Responsibilities
A Data Engineer is responsible for designing, building, and maintaining the data infrastructure and pipelines that enable an organization to collect, store, and analyze large volumes of data. They play a crucial role in ensuring data is accessible, reliable, and ready for analysis by data scientists, analysts, and other stakeholders.
Responsibilities
- Create and maintain ETL (Extract, Transform, Load) processes to move data from various sources to data storage systems using tools like AWS Glue.
- Manage databases (SQL and NoSQL) to ensure data is stored efficiently and securely, including working with Amazon Redshift.
- Design data models and schemas for efficient data storage and retrieval.

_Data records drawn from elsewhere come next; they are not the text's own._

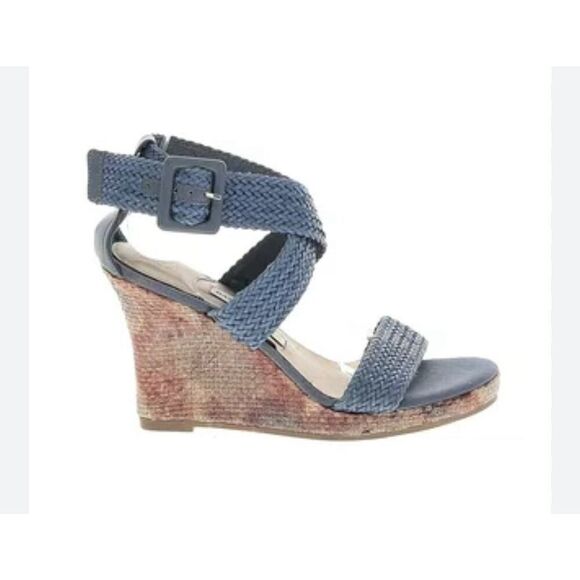 Dana Buchman Vintage Summer Woven Criss Cross Buckle Platform Wedge Sandals Blue Purple Size 10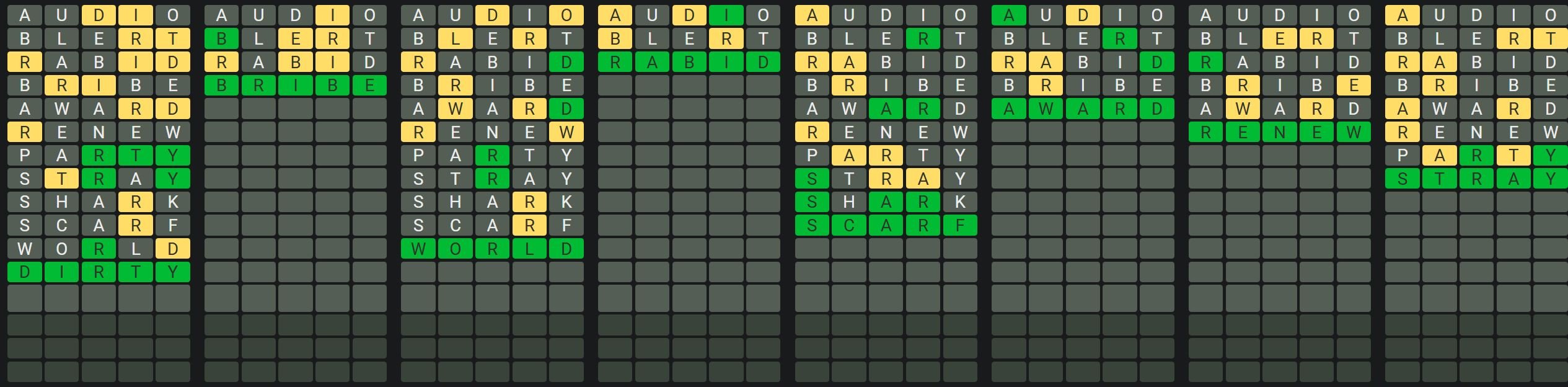 The Sequence Mode is similar to the original Octordle game with the following changes.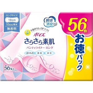 ポイズ素肌ライナーロングは無香料&ロングサイズで安心吸収。お徳用56枚入りで毎日の尿モレやおりもの対策に最適!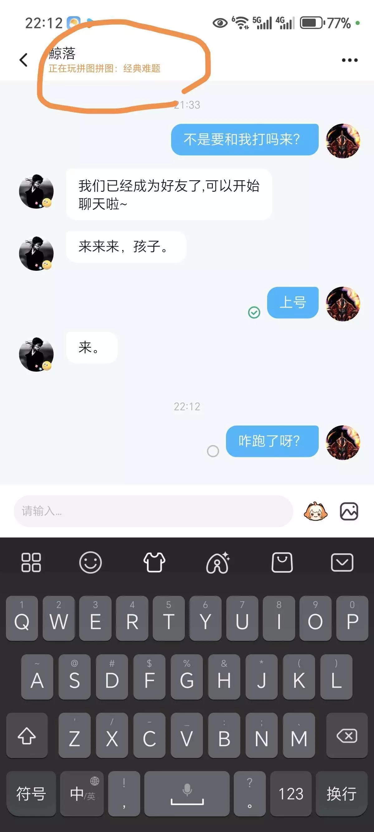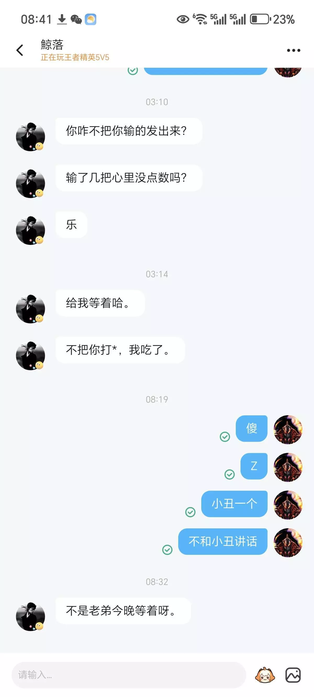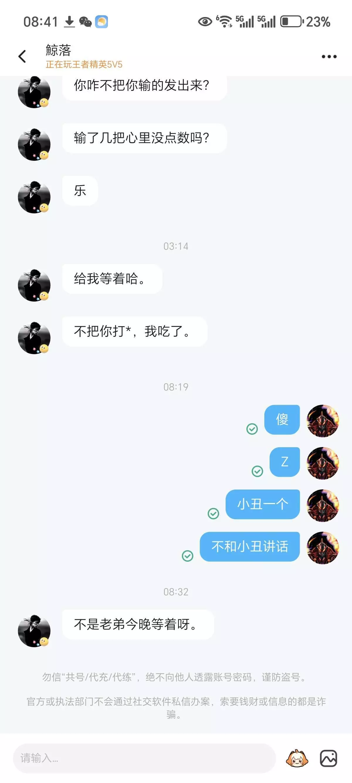 1v1打不过,然后5v五前面飘了,输了几把他还叫上了,感觉没赢过一样,一直说我输了很多吧,麻烦你讲证据,我就敢讲证据,我发的就是证据,这位小丑倒是发我那几把输的呀,天天叫我等着,给我等着,我也是笑了浪费本大王的时间

- Implement processes to ensure data accuracy and quality.
- Utilize tools like Hadoop, Spark, and distributed computing to process large datasets.
- Work with cloud providers like AWS, Azure, or GCP to store and process data in the cloud.

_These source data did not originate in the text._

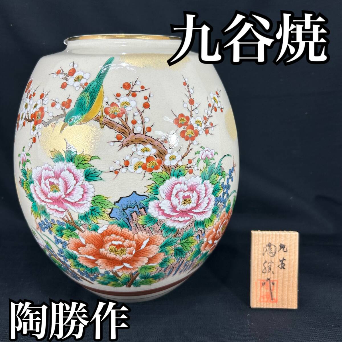 > 【未使用】九谷焼 陶勝作 花瓶 花鳥 牡丹 金彩色絵 高さ:約26.5cm 和風 インテリア 花器 壺 (E285)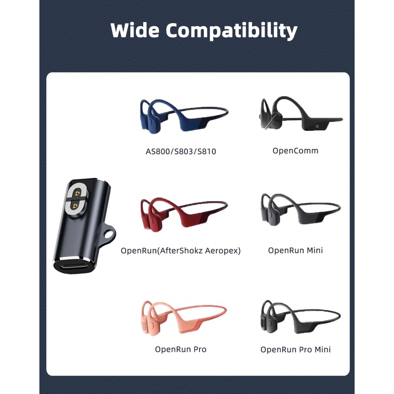 - 【Type-C Charging Adapter】With this adapter, you can use a charger, power bank, or car charger to connect a USB to USB C cable or USB C to USB C cable to charge your shokz headphone anytime, anywhere. Note: Cable is not included.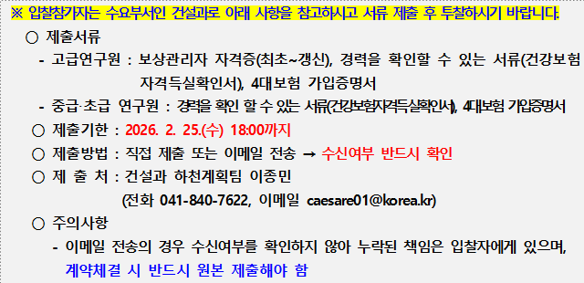 - 입찰에 관한 사항 : 회계과 계약팀 ☎ 041-840-8112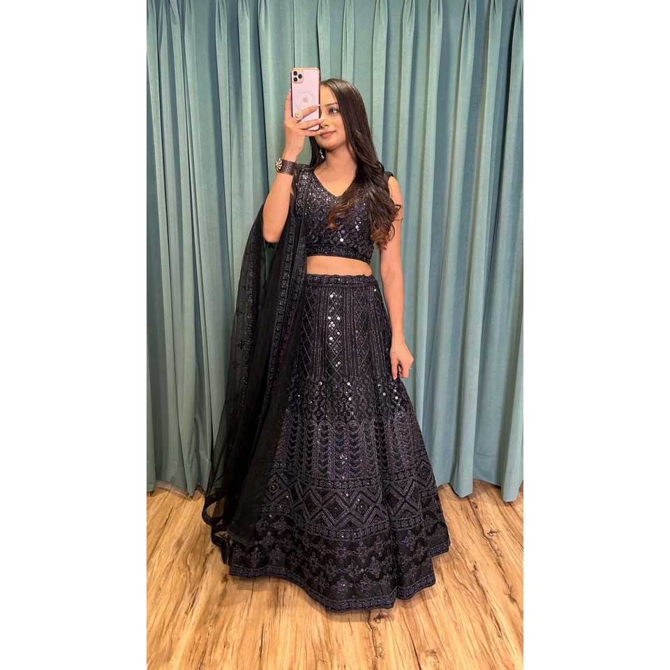 FB Designer Black Lehenga Choli Size M for Parties Dori & Sequence Work Elegant Indian & Pakistani Clothing

- Develop dashboards and reports using visualization tools like Tableau to support data-driven decisions.
- Collaborate with data scientists and analysts to understand data requirements and deliver data solutions.
Requirements
Requirements
- Bachelor's degree in computer science, Information Technology, or a related field.

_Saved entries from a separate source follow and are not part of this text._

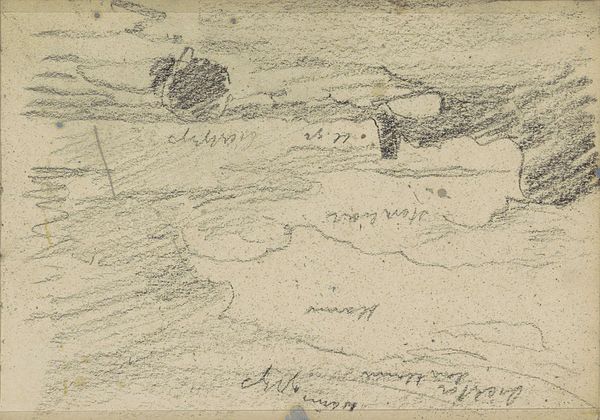 This drawing, "Land met een boerderij," was created by Gerrit Willem Dijsselhof using graphite. The composition is immediately striking with its horizontal orientation and subdued tonal range. The drawing evokes a quiet, contemplative mood through its delicate marks. Dijsselhof uses layered lines to create depth, with the foreground marked by denser, more defined strokes that fade into softer, sketchier lines towards the horizon. The structures, possibly a farmhouse, are rendered with simple geometric forms, emphasizing a structuralist approach to depicting space. This simplification reduces the landscape to its essential elements, revealing an underlying framework of lines. The use of graphite allows for subtle gradations in tone, creating a sense of atmospheric perspective. The marks and annotations on the drawing invite us to consider the artwork not just as a representation of a landscape, but also as an exploration of the fundamental properties of line and form. This intersection between representation and abstraction opens a space for ongoing interpretation.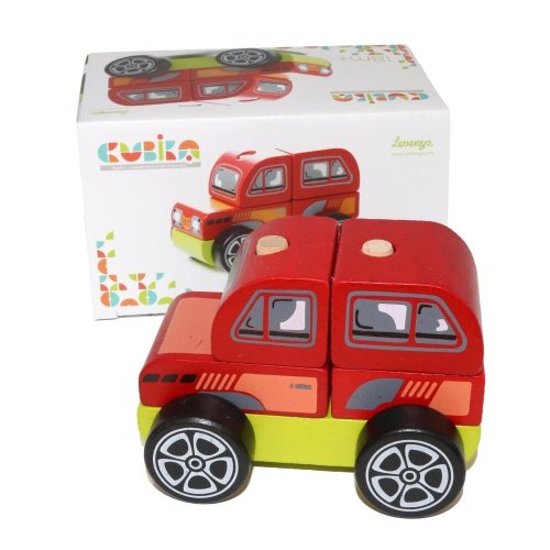 Terénní vůz je dřevěná skládačka s 5 díly, které se na sebe musí poskládat tak, aby se auto mohlo vydat do pořádného terénu. Tato skládačka je jednoduchou stavebnicí pro nejmenší děti.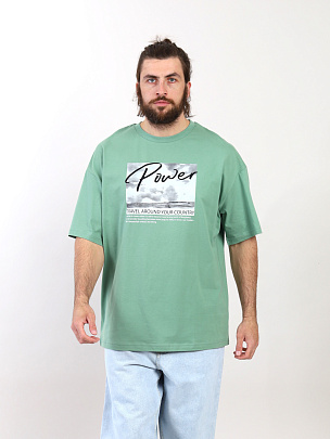 Футболка мужская из кулирной глади. С коротким рукавом. Воротник из эластичной рибаны. На полочке принт (будущее).

- Proficiency in one or more programming languages (e.g., Python, Java).
- Knowledge of databases, including SQL and NoSQL.
- Experience with ETL processes and tools like AWS Glue.
- Familiarity with big data technologies like Hadoop and Spark.
- Cloud platform experience (e.g., AWS, Azure, GCP), including services like Amazon Redshift.
- Data modeling expertise.
- Experience with data visualization tools like Tableau.
- Version control using tools like Git.
- Problem-solving abilities.
- Strong communication skills for collaboration with team members and stakeholders.
- Attention to detail to maintain data accuracy.
- Adaptability to learn and use new technologies and tools.